A bovine root model was developed to simulate the clinical condition of immature teeth, that is, Cvek's Stage 3 root development model with two-thirds of final length[5] and a root-to-canal ratio of ~1:1 at the CEJ in the mesiodistal direction. In an attempt to standardize the samples and reduce confounding variables, the apical third of all specimens was filled with a noneugenol temporary filling material. To eliminate the effect of a calcium hydroxide dressing, none was placed in the root canals so that the specific effect of calcium silicate-based cements could be evaluated.

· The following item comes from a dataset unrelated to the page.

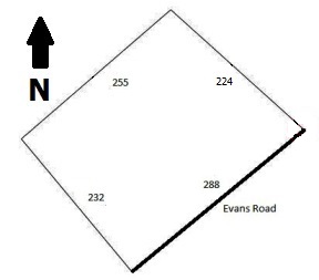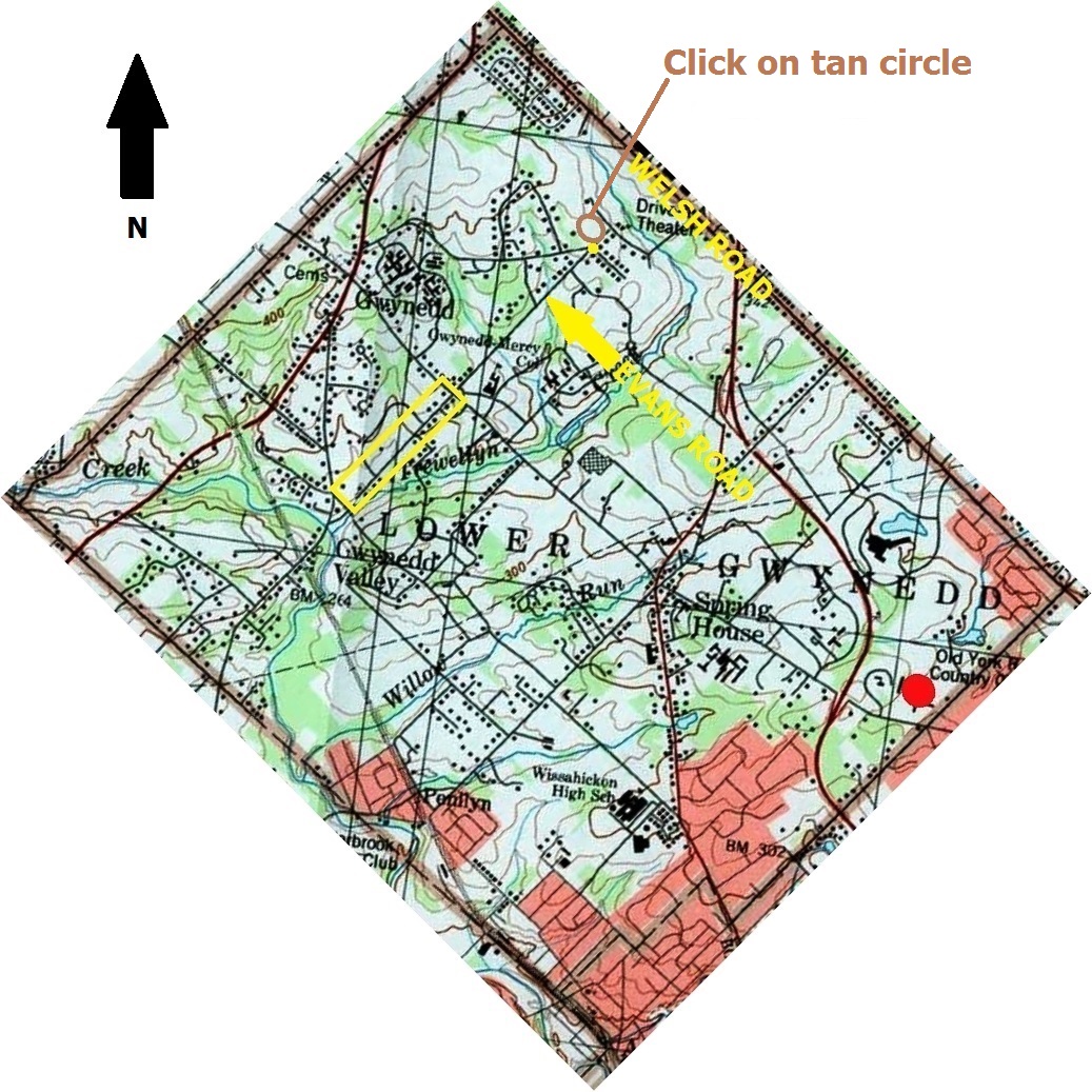 point .(southern most point of drawing below). . on . . Meeting House Road . . also on Evans Road (see yellow dot in above map)

Despite the differences between human and bovine teeth, Sano et al[22] have demonstrated similarities in ultimate tensile strength, dentine modulus of elasticity, and number and distribution of dentinal tubules between bovine and human teeth. In addition, few anatomical and morphological variations have been found in bovine incisors in comparison with human teeth.[23]
[24]
[25]
[26] Therefore, this model provides a consistent methodology to assess new treatment modalities for immature teeth. Similar to previous studies,[27]
[28]
[29] an experimental immature tooth model using bovine teeth was thus employed. To improve the drawbacks of MTA, such as difficult handling properties and prolonged setting time, a variety of silicate-based cements such as CEM Cement and Biodentine have been introduced.[30]

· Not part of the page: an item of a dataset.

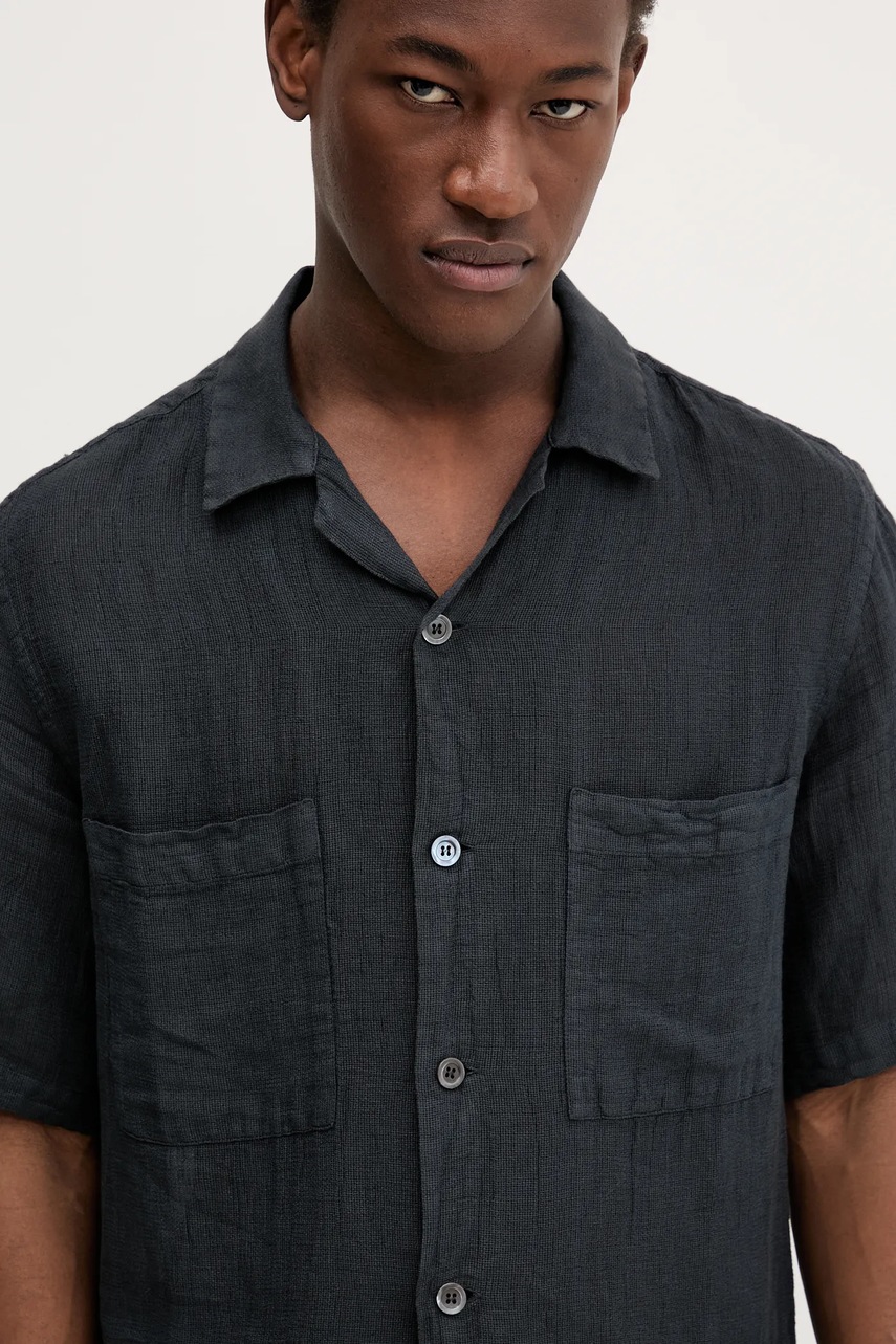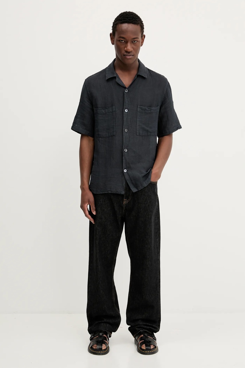 BARENA VENEZIA koszula lniana Camicia Mola męska kolor granatowy relaxed z kołnierzykiem klasycznym CAU5073.3144

[31] It has been claimed that Biodentine sets in 10 minutes and can be used as a single application bulk restorative material without cavity conditioning,[32] in other words, it acts as a dentine substitute material, a temporary filling material and establishes an immediate seal against oral fluids.[33] Therefore, in the management of immature teeth with minimum root dentine, it can be an appropriate choice. According to the results of this study, Biodentine specimens had significantly higher fracture resistance values compared with the control group. This finding is in agreement with the results of the study by Cauwels et al.[4] In accordance with Bortoluzzi et al,[27] ProRoot MTA specimens also had significantly higher fracture resistance values than the control group. In the present study, no significant difference was found between the fracture strength values of Biodentine and ProRoot MTA groups. However, no significant difference was found in fracture resistance values between CEM Cement, gutta-percha and sealer, and the control group. Considering the fact that ProRoot MTA,[10]
[34]
[35] CEM Cement,[36] and Biodentine[10]
[37] are bioactive and are associated with apatite formation after exposure to body fluids containing phosphorus, they may provide these higher values of fracture resistance due to apatite crystalline formation along the cement and dentine interface and within interfacial dentine. Indeed, the fracture resistance values of specimens filled with calcium silicate-based cements may increase over time. Longer incubation time and exposure of the specimens to simulated body fluid are suggested for the future studies.
Conclusion
Under the limitations of the present study, it was concluded that root filling with ProRoot MTA and Biodentine increased the fracture resistance of the simulated immature teeth compared with control specimens with no root filling. No significant difference was seen between CEM Cement, gutta-percha/sealer, and controls.